* _Task description_
Reprint the lines below as they are, minus the pictures.

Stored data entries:
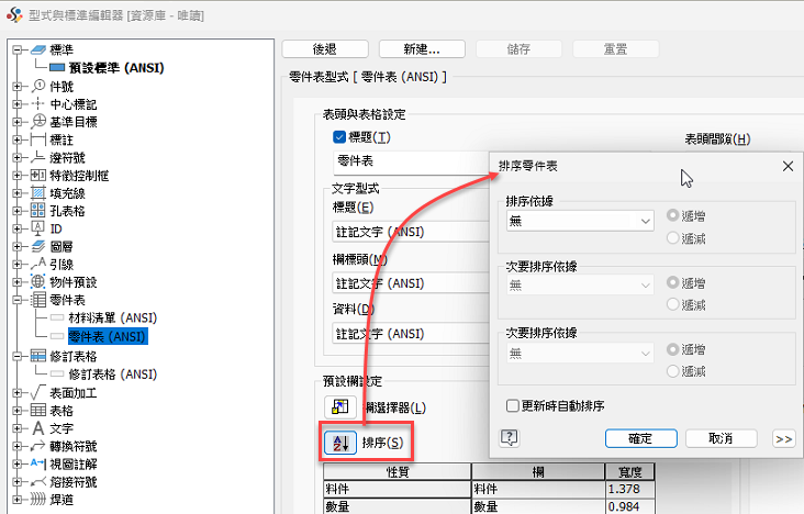 現在,您可以使用新加入的「排序」選項,在型式編輯器中直接為零件表,指定材料表中料件的排序順序。
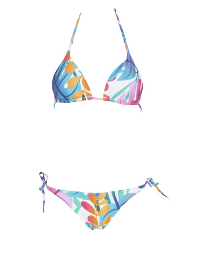 Ce bikini se distingue par sa matière MaxFit ultra-résistante au chlore et à l’eau salée, offrant une durabilité exceptionnelle. Sa protection UV UPF 50+ vous protège efficacement du soleil, tandis que l’élasthanne assure une tenue parfaite et un confort optimal. Les bonnets amovibles et la doublure douce garantissent un ajustement personnalisé, renforcé par les liens réglables du haut et du bas. Disponible en plusieurs motifs estivaux, il s’adapte à toutes vos envies mode.
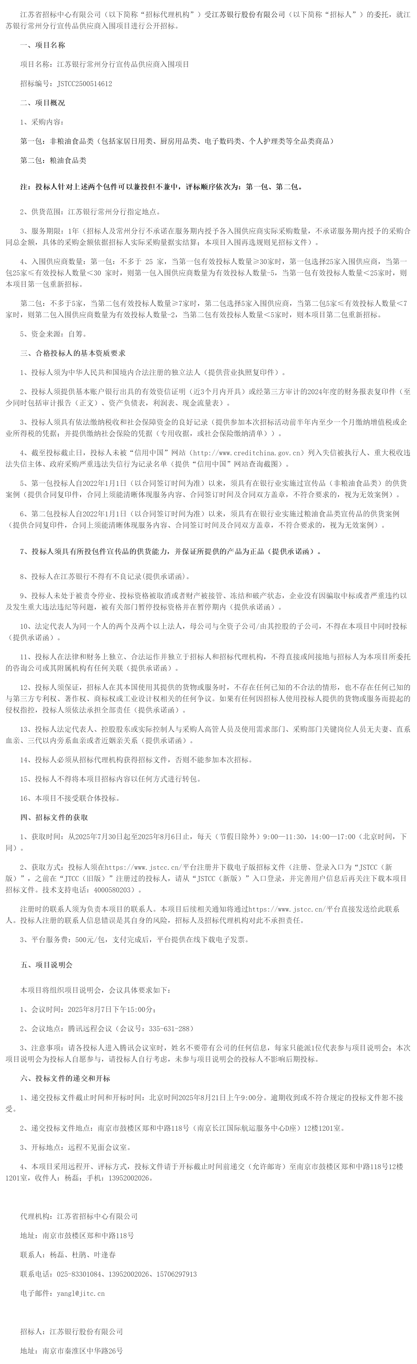 江苏银行常州分行宣传品供应商入围项目招标公告
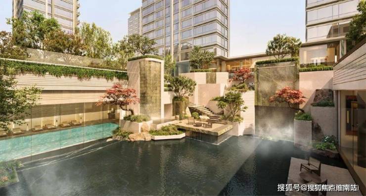 悬浮于城市上空的生活美学岛屿,悬浮绿洲、门厅飞瀑开场,入境“一轴七岛十一境”的超级立体庭园。七大主题岛屿,连岛成洲,构建浮岛庭园洄游动线。园中下沉庭院、戏水池、镜面水院等等让园景层次丰富、无限变幻,呈现岛的风景“发现”之旅。
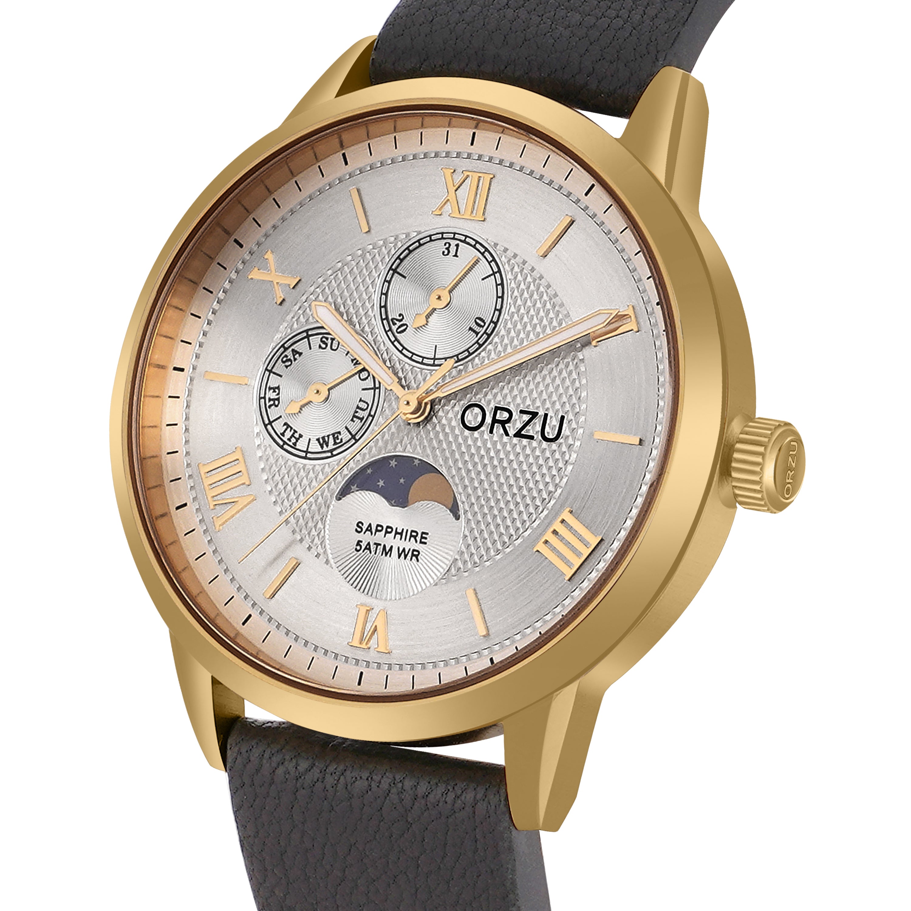 ORZU Multifunction Moon Phase Silver Dial Men's Watch
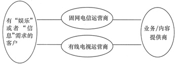 如圖1所示,雖然兩者使用的技術(shù)不同,但它們有一個相同的運營組織結(jié)構(gòu),也就是說,客戶、運營系統(tǒng)和業(yè)務/內(nèi)容提供商是它們競爭的3要素,下面將從這幾個方面對IPTV與“數(shù)字電視”的競爭做簡要的分析。
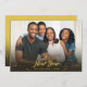 ¡Comienza el año nuevo con una tarjeta de foto personalizada para familiares y amigos! Este diseño moderno y elegante presenta una hermosa caligrafía de "Feliz Año Nuevo" y estrellas doradas falsas. Solo agrega tu foto y detalles favoritos para hacerlo tuyo.

* _Solution for this task_
 現在,您可以使用新加入的「排序」選項,在型式編輯器中直接為零件表,指定材料表中料件的排序順序。
 Ce bikini se distingue par sa matière MaxFit ultra-résistante au chlore et à l’eau salée, offrant une durabilité exceptionnelle. Sa protection UV UPF 50+ vous protège efficacement du soleil, tandis que l’élasthanne assure une tenue parfaite et un confort optimal. Les bonnets amovibles et la doublure douce garantissent un ajustement personnalisé, renforcé par les liens réglables du haut et du bas. Disponible en plusieurs motifs estivaux, il s’adapte à toutes vos envies mode.
 江苏银行常州分行宣传品供应商入围项目招标公告
 悬浮于城市上空的生活美学岛屿,悬浮绿洲、门厅飞瀑开场,入境“一轴七岛十一境”的超级立体庭园。七大主题岛屿,连岛成洲,构建浮岛庭园洄游动线。园中下沉庭院、戏水池、镜面水院等等让园景层次丰富、无限变幻,呈现岛的风景“发现”之旅。
 ORZU Multifunction Moon Phase Silver Dial Men's Watch
 如圖1所示,雖然兩者使用的技術(shù)不同,但它們有一個相同的運營組織結(jié)構(gòu),也就是說,客戶、運營系統(tǒng)和業(yè)務/內(nèi)容提供商是它們競爭的3要素,下面將從這幾個方面對IPTV與“數(shù)字電視”的競爭做簡要的分析。
 ¡Comienza el año nuevo con una tarjeta de foto personalizada para familiares y amigos! Este diseño moderno y elegante presenta una hermosa caligrafía de "Feliz Año Nuevo" y estrellas doradas falsas. Solo agrega tu foto y detalles favoritos para hacerlo tuyo.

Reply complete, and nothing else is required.